Like the Katyn massacre and the death of General Sikorski, the Smolensk crash will come to represent another tragic milestone in Poland’s history. The horror of Katyn was hidden for half a century behind Soviet lies; the fate of Sikorski was obscured, for far too long, by British secrecy. This time Poland itself should have the right to decide what really happened.

Source:Times online

Mystery still surrounds cause of Polish air tragedy

POLISH INVESTIGATORS say they have uncovered no evidence that Polish president Lech Kaczynski demanded that his pilot make a fatal crash landing in fog last Saturday.

Russian authorities confirmed yesterday that they had identified the body of Polish first lady Maria Kaczynska, who died along with her husband and 94 others in the air crash near the western Russian town of Smolensk.

Her remains will be flown home today, a day after those of Mr Kaczynski. The deceased president will lie in state from today at the presidential palace in Warsaw ahead of a state funeral on Saturday.

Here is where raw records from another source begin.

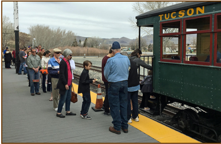
Long lines of riders wait to board the Tucson, Cornelia & Gila Bend Railroad Edwards Motor Car during the Egg-stra Special Express weekend at NSRM.

hunt was on Saturday at 11am for children ages 0-3. As I left my office and headed towards Gibson Park with the eggs I started to wonder if I had enough! The park was surrounded with families and dressed up little ones with their baskets in tow. We blocked off half of the park and as we begun to fill it with eggs you could see the excitement in the children and the parents. We walked around the crowd and explained that this was the museum's first egg hunt and that we were hoping to re-use the eggs for the following year. Turns out we needed to re-use them for the very next day! We did the countdown and within moments the 500 eggs that a few outstanding volunteers and I had stuffed were gone. There were many happy families sitting in the grass and opening their eggs. We had filled approximately 500 eggs for each hunt and we estimate that the museum got over half of them back to re-use. When the countdown got to zero for the second group, ages 4 and
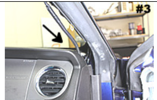
Run wiring/ lamps through gap near a-pillar to passenger side floor.
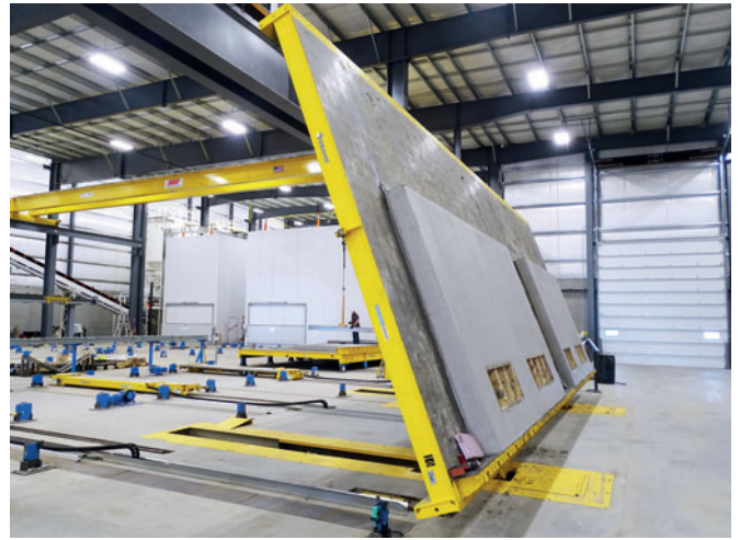
With the aid of the tilting device, the wall elements are tilted and can be conveniently removed in the later installation position.

Huffcutt uses the solid walls produced on the new German-made circulation plant primarily for the construction of sanitary houses especially for motorways. These are designed in an architecturally sophisticated way and individually accord-
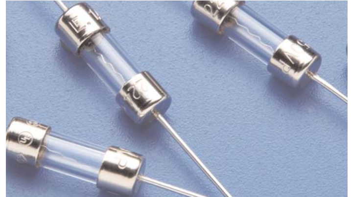
2206 000P Series

Wave solder- 500°F(260°C), 3 seconds Max. Reflow solder- Not recommended
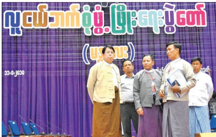
Union Minister Dr. Pe Myint seen inspecting preparations for All-Round Youth Development Festival at the Mandalay University yesterday.

The literature talk will be broadcast live at 9 am today by MRTV, MNTV, Sky Net Up to Date, Sky Net's ethnic channel, Myanmar Radio, MOI Webportal Myanmar Facebook, MRTV Facebook, Myanmar Digital News Facebook, President Office Facebook, Myanmar State
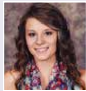
Dayna James Leonard & Doris Aerni Memorial; William & Emma Steffen Nursing
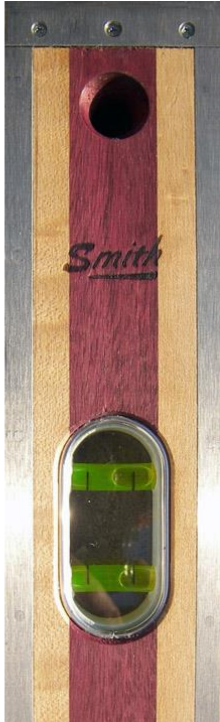
3 - Lamination Maple and Purple Heart
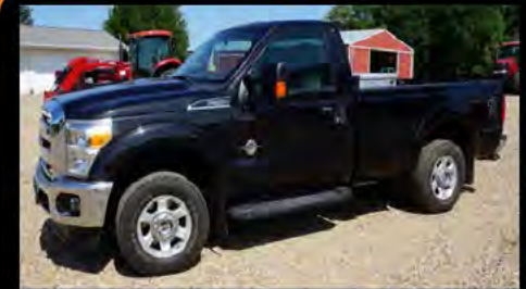
2013 Ford F-250, XLT, 4x4, 6.7 diesel, 51,400 miles, auto, 5th wheel, aluminum tool box.

Combine Heads/Head Carts: 2011 CIH 3206 corn head, hyd stripper plates, SN# YAS023214; 2008 CIH 1020 bean head, 25', full fingers, 3" cut, SN# CBJ044249; EZ Trail 672 20' head cart; EZ Trail 680 30' head cart.
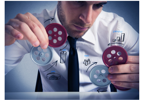
Autopilot Business Systems

How is it that some business owners seem to be working less hours and lack the marketing skills of their competitors, yet they are still able to scale and grow their business? You will find these entrepreneurs have simplified, systemised and automated large parts of their business 'machine'. The business doesn't rely on them to crank up the engine every day which reduces the risk for potential buyers because the business is not totally reliant on the owner. Too often a business run by a technician grinds to a halt when they aren't 'on the tools' or are sick. They find it difficult to take time off and rarely have a decent holiday. They build strong relationships with their key customers which might prove difficult to transition to the new owner. All these
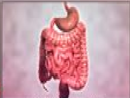
Celiac's Disease Crohn's Disease Ulcerative Colitis Type 1 Diabetes
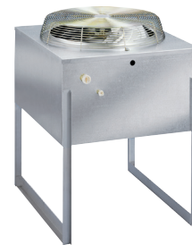
Standard air-cooled remote JCF0500-161

Remote Ambient Operating Temperature: -20 to 120F (-29C to 49C)
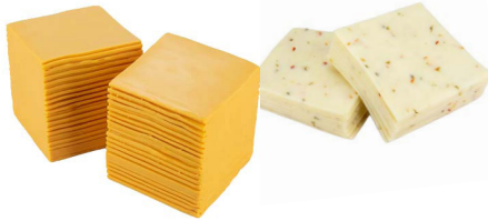
Sliced Cheese American #2879 | 4/5 LB Cheddar #2831 | 8/1.25 LB Pepperjack #2837 | 8/1.25 LB
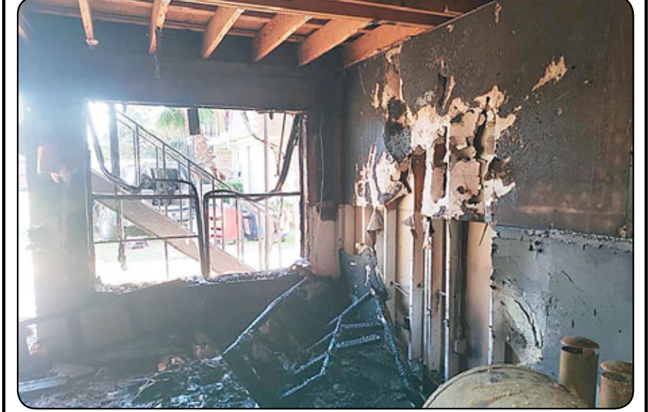
Firefighters responded to a six-alarm apartment fire at a complex in the 11800 block of Algonquin on Tuesday, March 26. The blaze completely destroyed one unit (shown above). Workers from Houston Fire Department Station 70 have organized a drive to help the victims recover. No injuries were reported. Emergency crews from stations 71, 52, 93, 94 and 61 also responded to this incident.
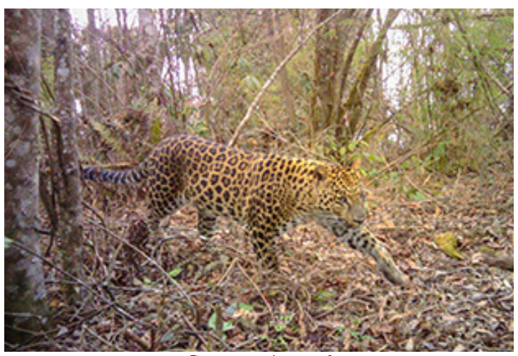
Common leopard Panthera pardus Vulnerable
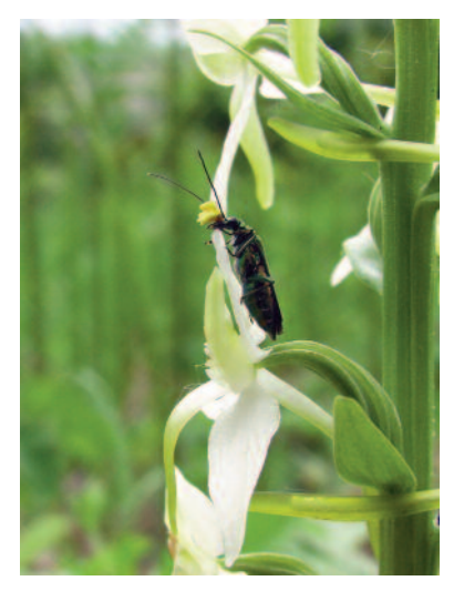
Flower Beetle, Oedemera nobilis with pollinia of Platanthera bifolia.

Then, as I crawled towards the next flower spike, I saw it. Sitting on an orchid flower, with its emerald iridescence glistening in the sun, was one of the most attractive beetles I had ever seen. Subsequent delvings in the insect book suggested it was a female Flower Beetle of the Oedemera nobilis brand. Had I been a male of that species (easy to tell which is which - the males have bulging thigh muscles!) I would have found her beauty irresistible. But there was more to it than that - her front end was plastered with orchid pollinia!
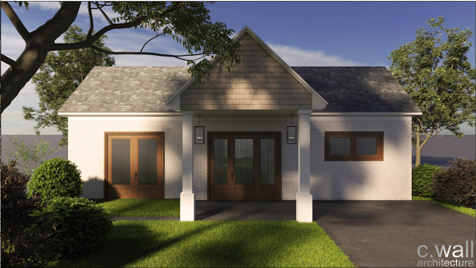
2 RENDERING OF PROPOSED FRONT FACADE
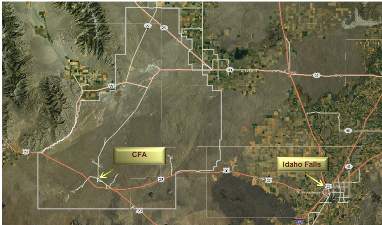
Figure 1. Location of CFA on the INL Site and the city of Idaho Falls
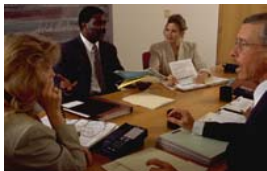
PEI works to truly understand all its clients needs

Objective: PEI is committed to ensuring the satisfaction of both clients and candidates. It is our goal to work in harmony with your
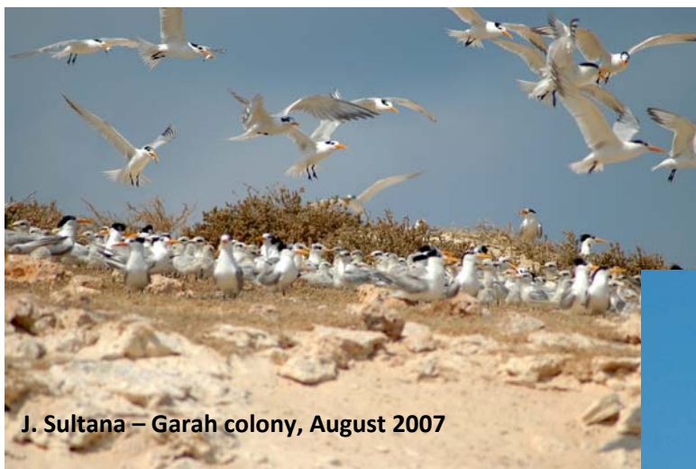
J. Sultana – Garah colony, August 2007

5) Ring monitoring – Ring-reading on breeding adults and unfledged chicks can hardly be performed on the colony of Garah, and – if attempted - will likely impact to a large extent the local breeding population. As a rule, it should be avoided here. Rings on individuals roosting on nearby rocks can be approached and read with no problems. Detailed ring-reading methods are described for Ulbah island.

Mystery persists about why the aircraft clipped trees and crashed in flames after Russian tests yesterday revealed no mechanical defects.

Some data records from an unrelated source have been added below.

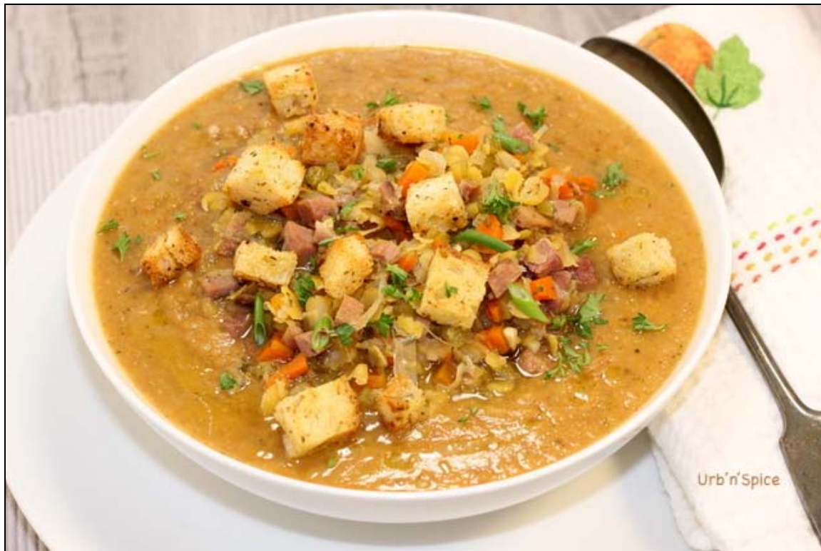
Denise's photo of her soup in the relatively rustic version topped with croutons.
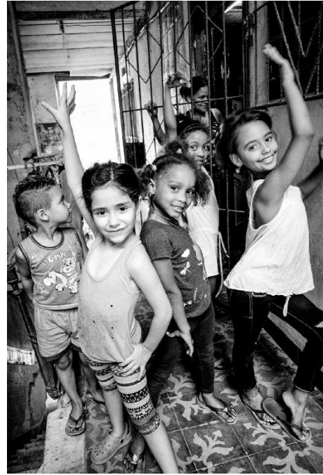
Catherine Adams, "The Acute Charm of Ruin & Development 7.2 (Malecon), Havana, Cuba," 2017, Chromogenic Print, 36 x 24 in., $1,900

"Building crumble every day in Havana, with most left standing as-is. People from the neighborhood, and from outside it, come in when a building is on the edge of collapse. They strip the premises right down to sheering off the face. What is left hovers between dilapidation and a state of having been cleansed. It is frighteningly charming to an eye groomed in neoclassical ruin paintings of Pompeii and other mythic sites."
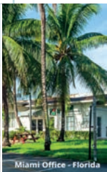
Miami Office - Florida
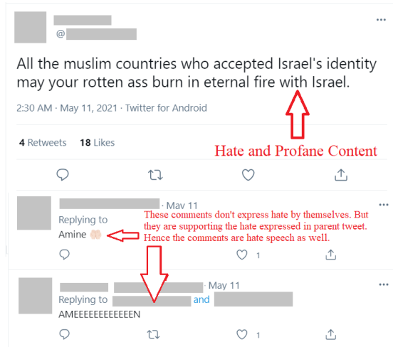
Figure 1: Example of conversational Hate speech
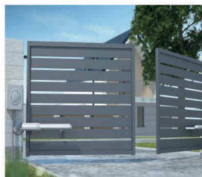
AUTOMATIC SWING GATE
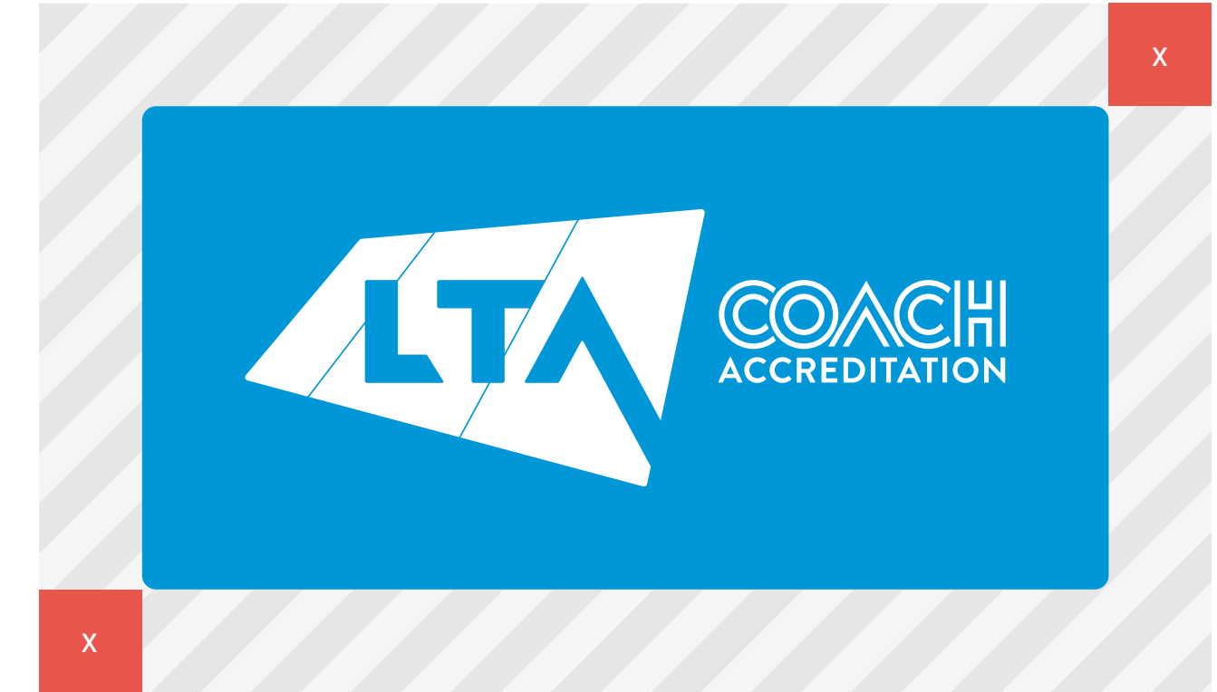
Framed logo clear space
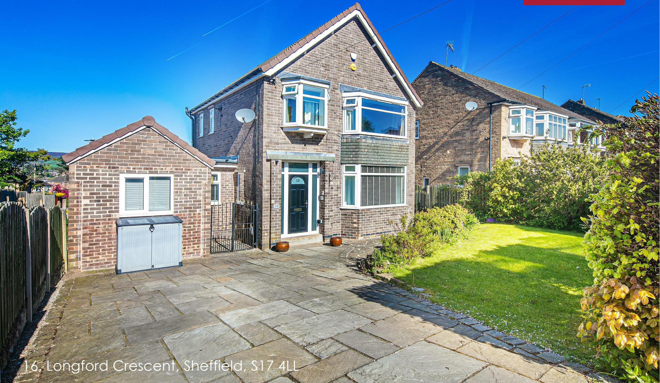
16, Longford Crescent, Sheffield, S17 4LL
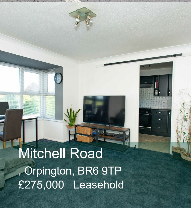
Mitchell Road , Orpington, BR6 9TP £275,000 Leasehold
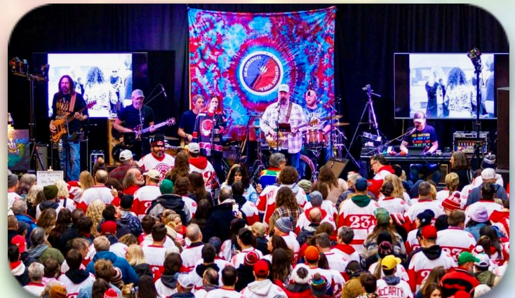
Red Wings Dead Night 2024
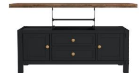
Lift Top Coffee Table with top opened

FEATURES: English Dovetail Drawer Box, Full Extension Drawer Glides, USB Charging Station (USB A & C, dual power outlets), Cord Management
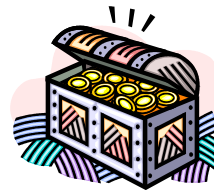
Treasure & Trivia

Please, sign up on the bulletin board just outside of Whitlock Hall.
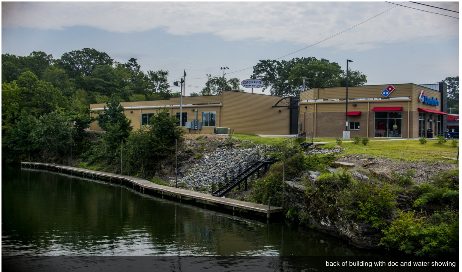
back of building with doc and water showing
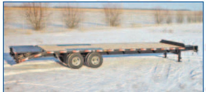
Bumper Hitch model also available
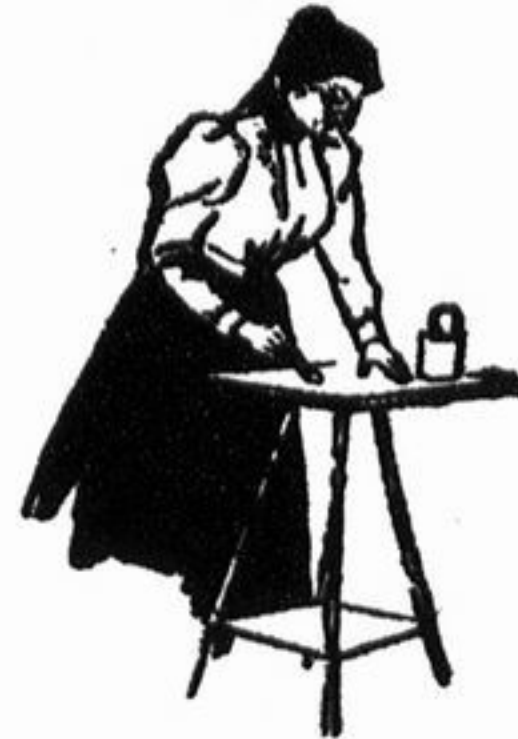
THE SHERWIN-WILLIAMS PAINTS

That we keep as complete a line of goods in our line as can be had anywhere.

Polish authorities say the aircraft had been fitted recently with new electronic equipment and the engine had been overhauled. But diplomats familiar with the aircraft have questioned why Warsaw still used a Soviet-built Tupolev 154 “badly in need of replacement”.

“It’s hard to understand how we are involved in costly missions in Afghanistan and Iraq but are unable for years to equip our [leaders] with proper planes,” said Prof Roman Kuzniar, an international affairs analyst at Warsaw University.

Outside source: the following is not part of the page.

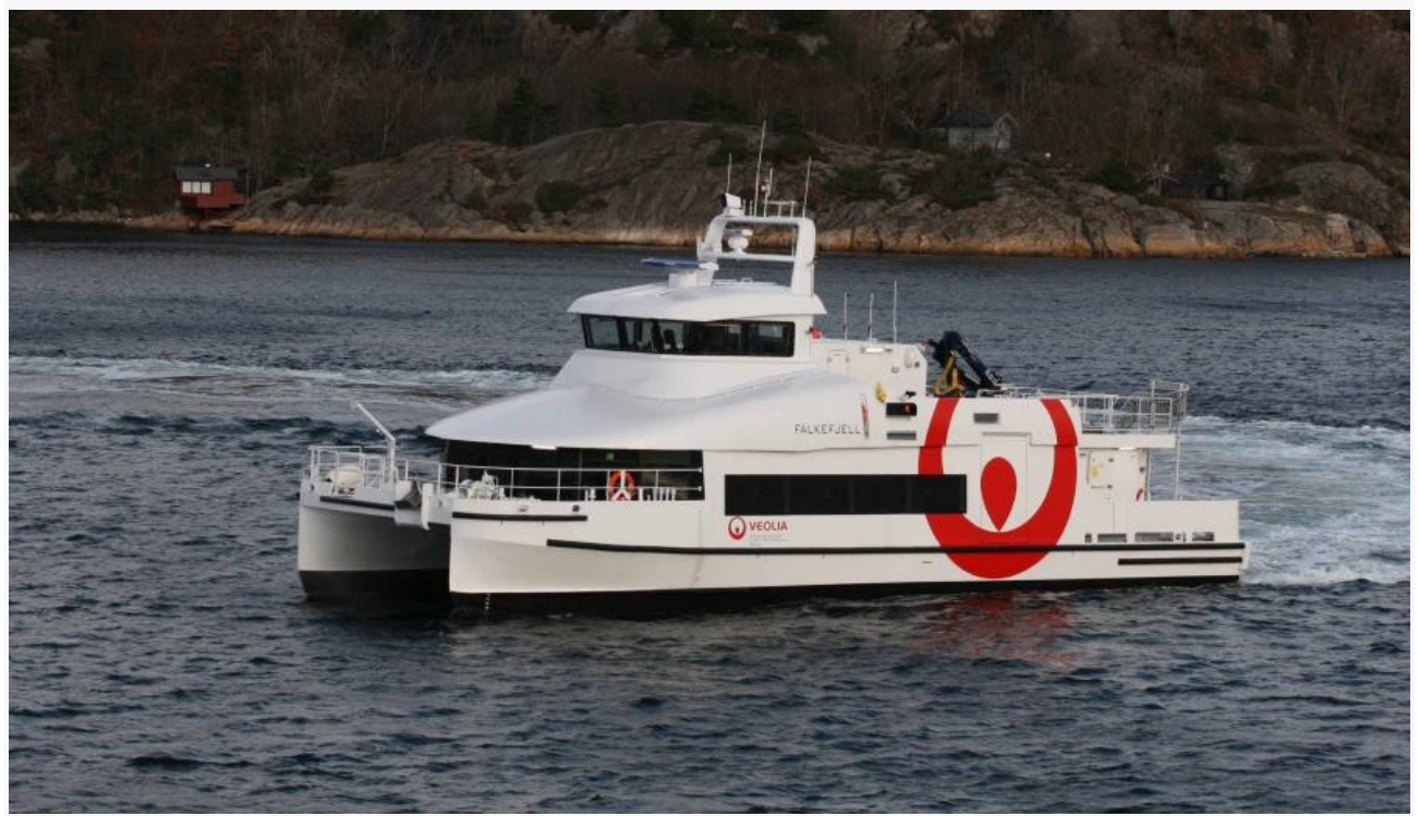
High Speed vessel with unique sea going capacities, lightweight, less fuel, less emission.

These High-Speed passenger vessels are more" on-time" with a punctuality at an average rate of 95 %. Carbon Cat with a reduction of fuel consumption at 57 % and a reduction of NOX/emission at 66 %.

That has all turned the spotlight back on Mr Kaczynski. Asked whether the pilot was pressurised to land by the president, Poland’s chief prosecutor, Andrzej Seremet, said yesterday: “At the current level of the investigation we have no such information.”

After flight recorders revealed nothing unusual, Russian investigators said yesterday they had moved on to the voice recorders.

Mindful of the continuing week of mourning, Polish media have not dared even raise the possibility that Mr Kaczynski had a role in the crash. But the Russian media have recalled how, in 2008, Mr Kaczynski demanded that a pilot land his aircraft in Tblisi in the middle of the Georgian war; the pilot refused and diverted.

A Russian flight expert suggested in the Komsomolskaya Pravda daily that the crash was caused by “VIP passenger syndrome”. But this was dismissed by a colleague of Arkadiusz Protasiuk, the crash pilot.

“He was a tough man who wouldn’t let emotions prevail over common sense,” said Tomasz Pietrzak, another government pilot, on Polish radio. “He would certainly not risk passengers’ lives.”

The crash has also prompted reflection in political circles about whether the incident might have been the indirect consequence of years of competition between the president and Polish prime minister Donal Tusk.

Last Wednesday, Mr Tusk flew to Katyn for a memorial service with his Russian counterpart, Vladimir Putin. Feeling snubbed at not being invited, Mr Kaczynski, from a competing party, organised a competing event on Saturday to remember the 22,000 Polish soldiers massacred at Katyn in 1940.

“As a consequence of the crash, this unfortunate situation may finally be at an end,” said Andrzej Maciejewski, political analyst of the Sobieski Institute think tank.

Mr Kaczynski’s office published his final, undelivered speech yesterday, in which he paid tribute to the Katyn soldiers and the families who kept their memory alive, and condemned the Soviet cover-up as “the founding lie of the [communist] People’s Republic of Poland”. But the president, known for his anti-Russian tirades, saved his final words to thank Moscow for its assistance ahead of the 70th anniversary of the Katyn massacre.

The undelivered words carry additional poignancy now: “Let’s allow the Katyn wound to finally heal,” he planned to say. “We are already on the path; we should follow it to bring our nations closer and not stop or retreat.”

Mr Maciejewski of the Sobieski Institute said: “In future we will be able to distinguish between pre-April 10th Polish-Russian relations and post-April 10th.”